▶ **DATA BLOCK**

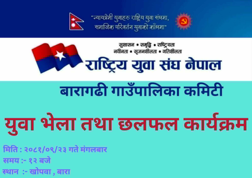 राष्ट्रिय युवा संघ नेपाल जिल्ला कमिटी बारा ले संगठन का गतिविधि , युवा भेला तथा छलफल कार्यक्रम लाई तिब्रता दिएको छ ।
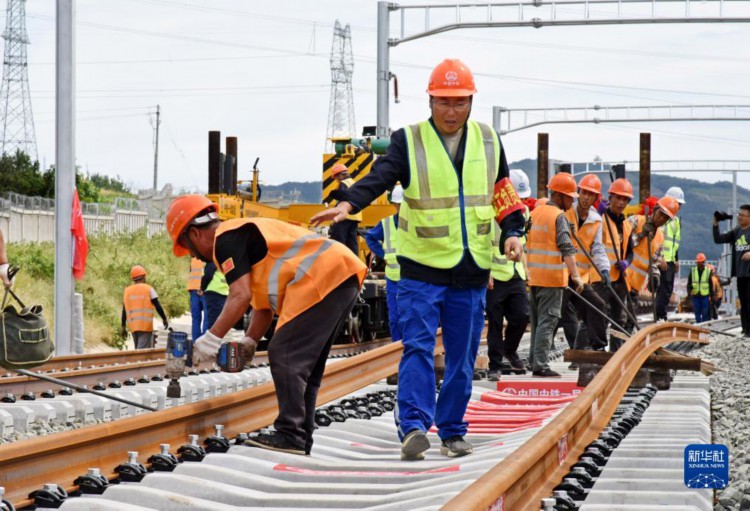 9月21日,中铁一局建设者在烟台芝罘站外铺设钢轨。
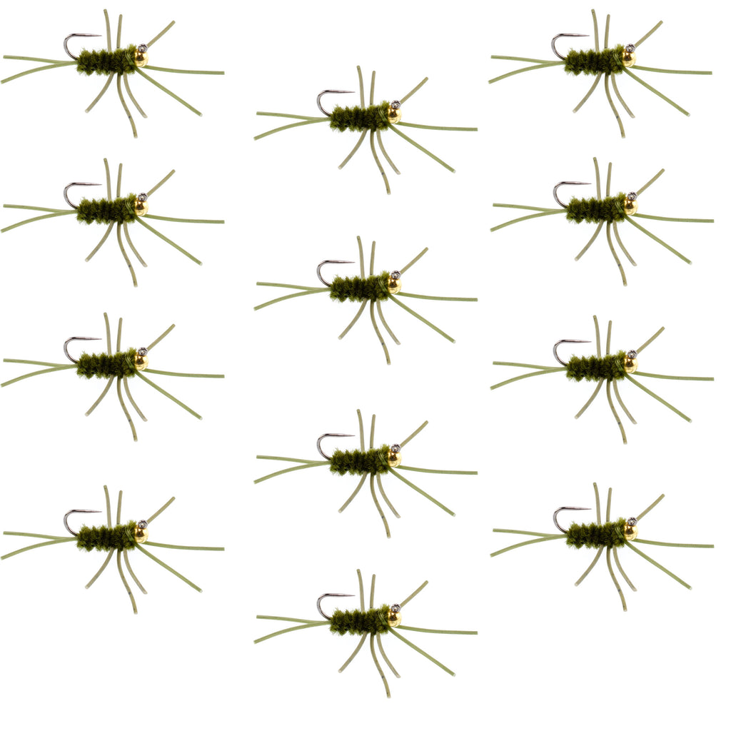 Barbless Pat's Rubber Legs Tungsten Bead Jigged Dark Olive Euro Nymph - Set of 12 Flies Hook Size 10
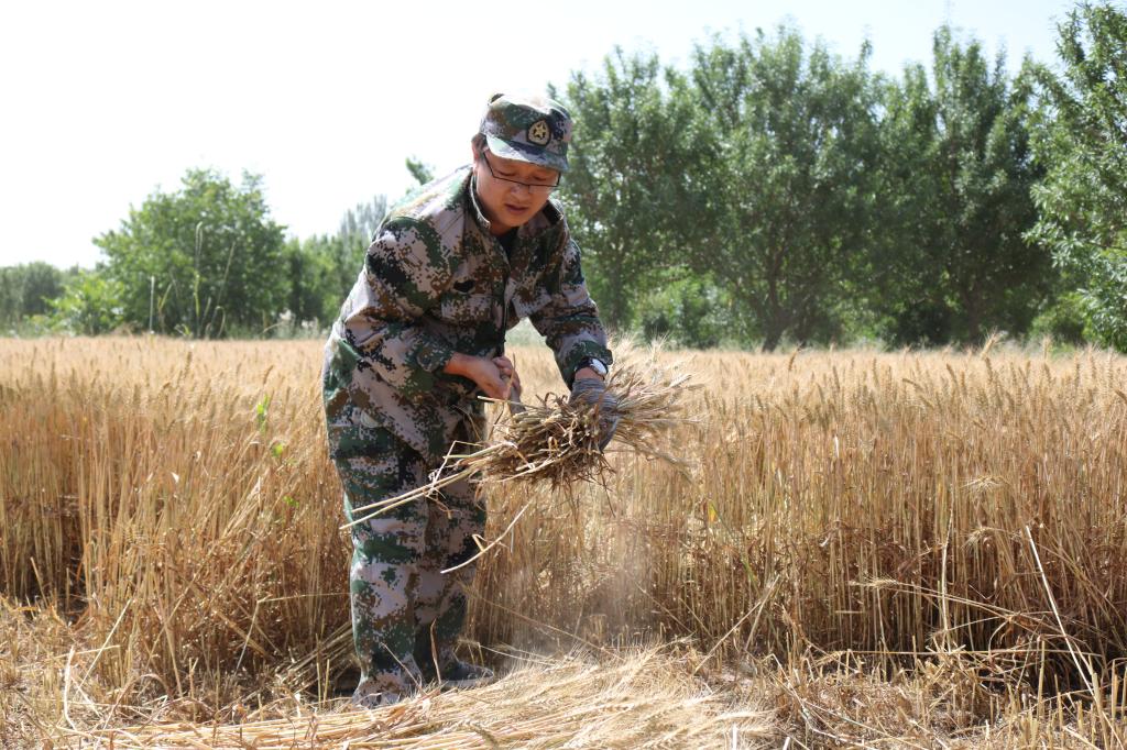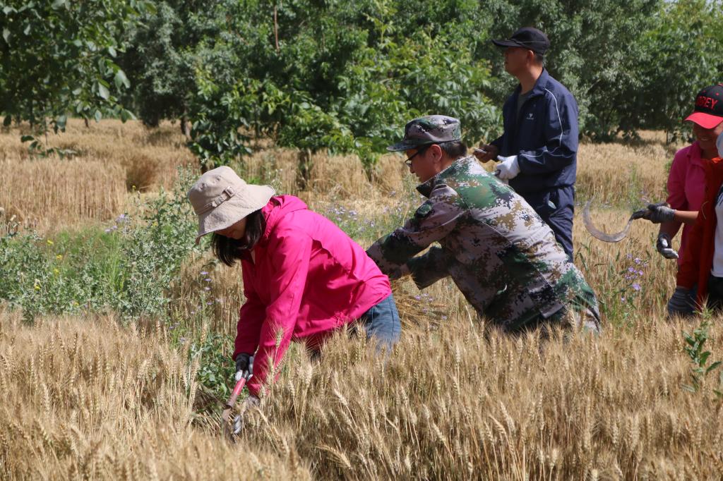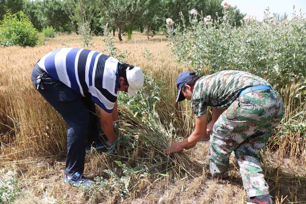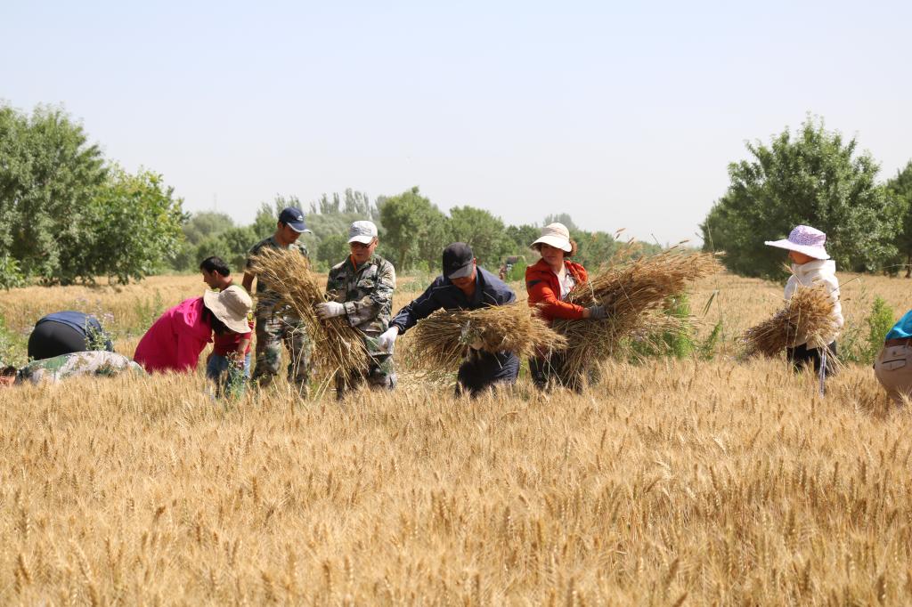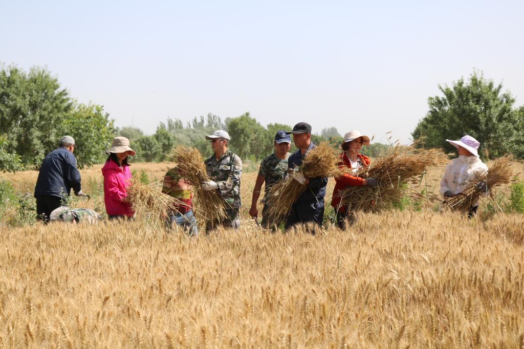 在茂密的麦子地,工作队员和结亲干部们全体都扑下身子,每人手持一把镰刀,蹲在在田里收割小麦。手扎着生疼,麦芒钻进了脖子,掉进了鞋里,汗如雨下,T恤完全湿透,但没有一个人喊苦抱怨。工作队长韩安源同志身先士卒,亲力亲为,用起镰刀来十分熟练,收割小麦的速度很快,一会儿工夫割好了一大片田。麦妮萨·依提老人感激地说:“感谢你们能够帮助我们家来收割小麦,辛苦你们了。”

▶ **YOUR GOAL**
Your answer must be the lines from the line containing "9月21日,中铁一局建设者在烟台芝罘站外铺设钢轨。" through the final line of the data, written out exactly, both ends included and pictures left out.

▶ **TASK RESPONSE**
 9月21日,中铁一局建设者在烟台芝罘站外铺设钢轨。
 Barbless Pat's Rubber Legs Tungsten Bead Jigged Dark Olive Euro Nymph - Set of 12 Flies Hook Size 10
 在茂密的麦子地,工作队员和结亲干部们全体都扑下身子,每人手持一把镰刀,蹲在在田里收割小麦。手扎着生疼,麦芒钻进了脖子,掉进了鞋里,汗如雨下,T恤完全湿透,但没有一个人喊苦抱怨。工作队长韩安源同志身先士卒,亲力亲为,用起镰刀来十分熟练,收割小麦的速度很快,一会儿工夫割好了一大片田。麦妮萨·依提老人感激地说:“感谢你们能够帮助我们家来收割小麦,辛苦你们了。”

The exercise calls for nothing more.